**Exercise directions:**
Omit every picture, then return the listing verbatim.

─── The data ───

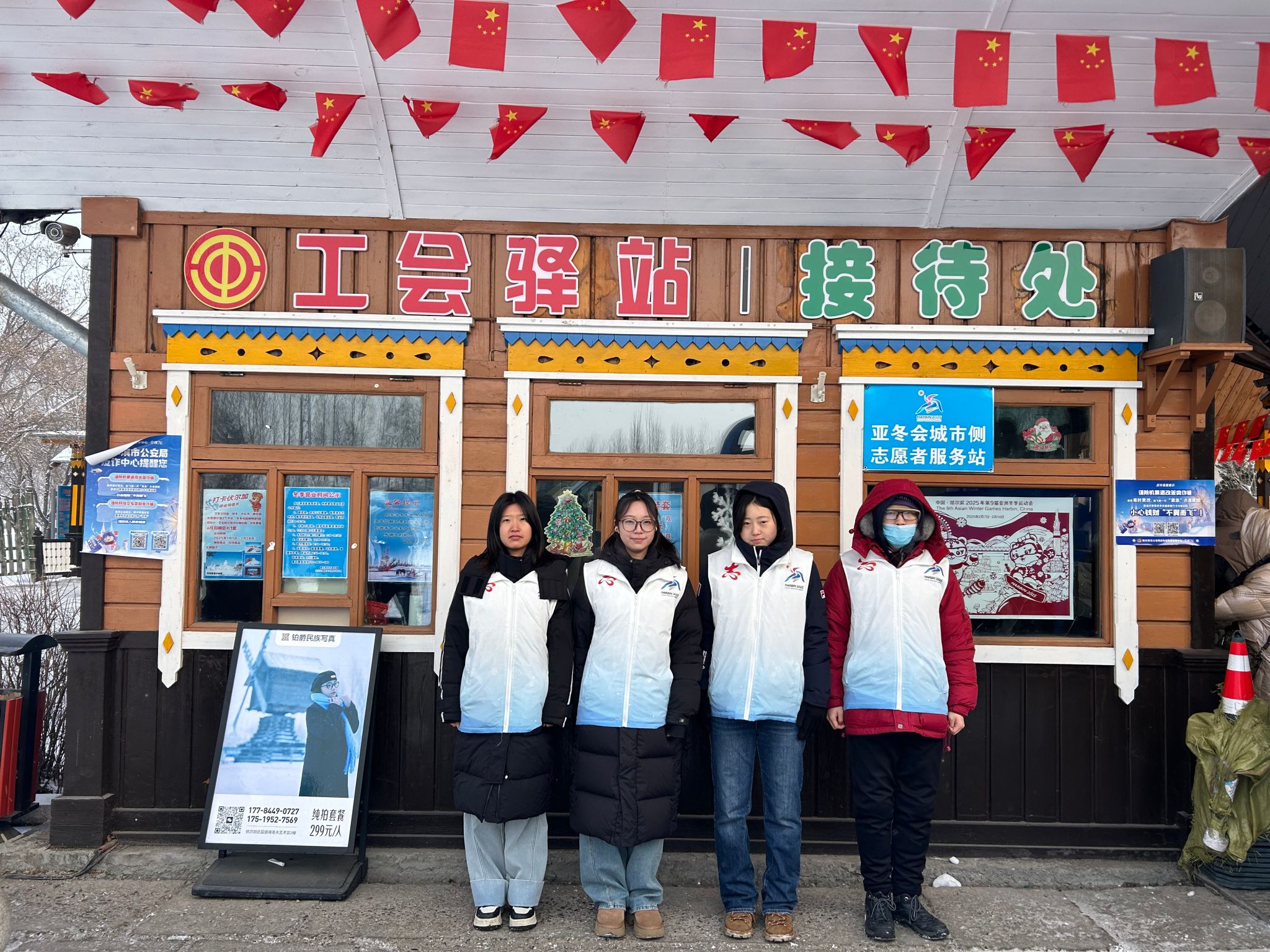 青春铁路线志愿活动结束后,霸奂文又响应社区号召,前往黑龙江省博物馆和香坊万达城市侧志愿者点位,与其他高校志愿者一同为游客提供咨询、引导服务,还为环卫工人、执勤民警提供热水、充电宝,传递温暖与关怀。
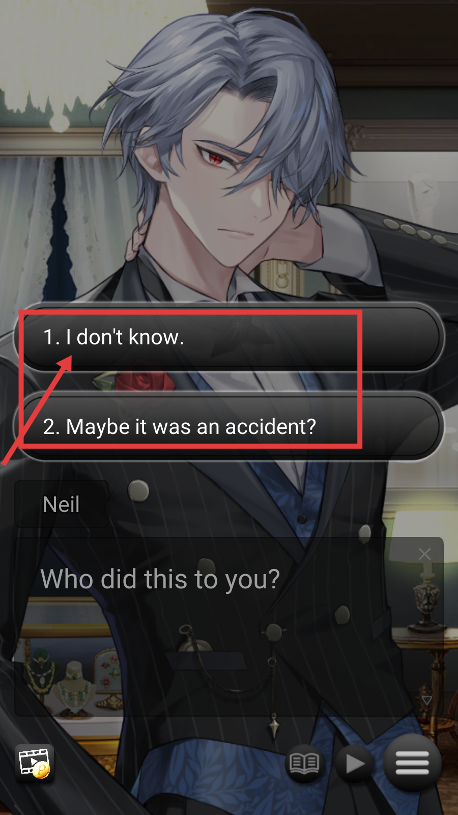 3、和【Neil】对话出现选择时,可选择【I-don't-know.】,契合主角失忆设定,引导剧情走向。
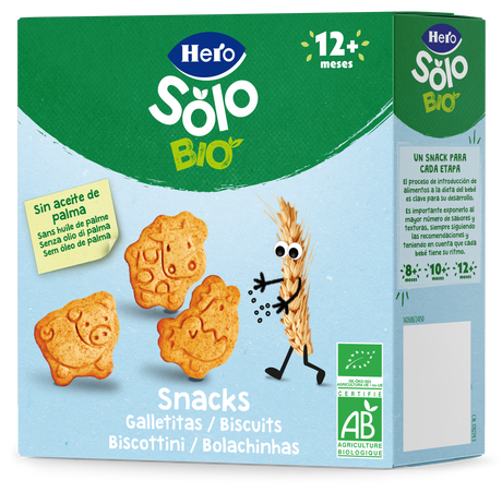 - Galleta Hero Solo Bio Animales (+12 meses): con formas divertidas que les llaman la atención y fomentan que coman solitos.
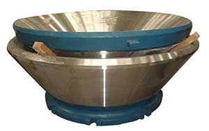 5). During assembly, lift the dynamic cone part at the cap nut, put the main shaft of the dynamic cone into the eccentric shaft gently and slowly, and make the spherical surface of the dynamic cone contact with the bowl shaped bush of the bowl shaped bearing stably, so as to avoid damaging the spherical ring.
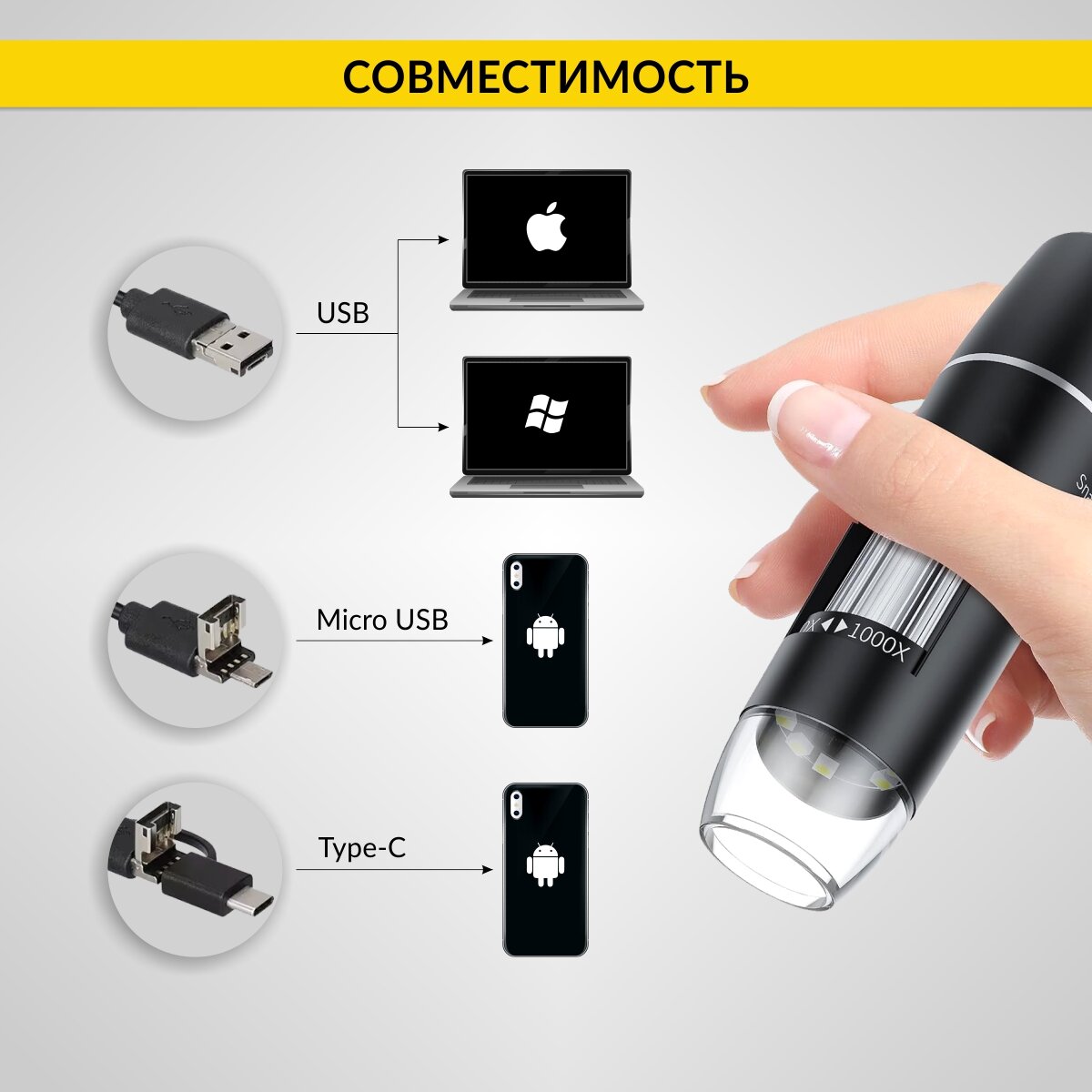Микроскоп USB, 2Мп, 1000X, 1920x1080, 1.5м, USB/Micro USB/TypeC iCartool IC-V317

───

**Result below:**
 青春铁路线志愿活动结束后,霸奂文又响应社区号召,前往黑龙江省博物馆和香坊万达城市侧志愿者点位,与其他高校志愿者一同为游客提供咨询、引导服务,还为环卫工人、执勤民警提供热水、充电宝,传递温暖与关怀。
 3、和【Neil】对话出现选择时,可选择【I-don't-know.】,契合主角失忆设定,引导剧情走向。
 - Galleta Hero Solo Bio Animales (+12 meses): con formas divertidas que les llaman la atención y fomentan que coman solitos.
 5). During assembly, lift the dynamic cone part at the cap nut, put the main shaft of the dynamic cone into the eccentric shaft gently and slowly, and make the spherical surface of the dynamic cone contact with the bowl shaped bush of the bowl shaped bearing stably, so as to avoid damaging the spherical ring.
Микроскоп USB, 2Мп, 1000X, 1920x1080, 1.5м, USB/Micro USB/TypeC iCartool IC-V317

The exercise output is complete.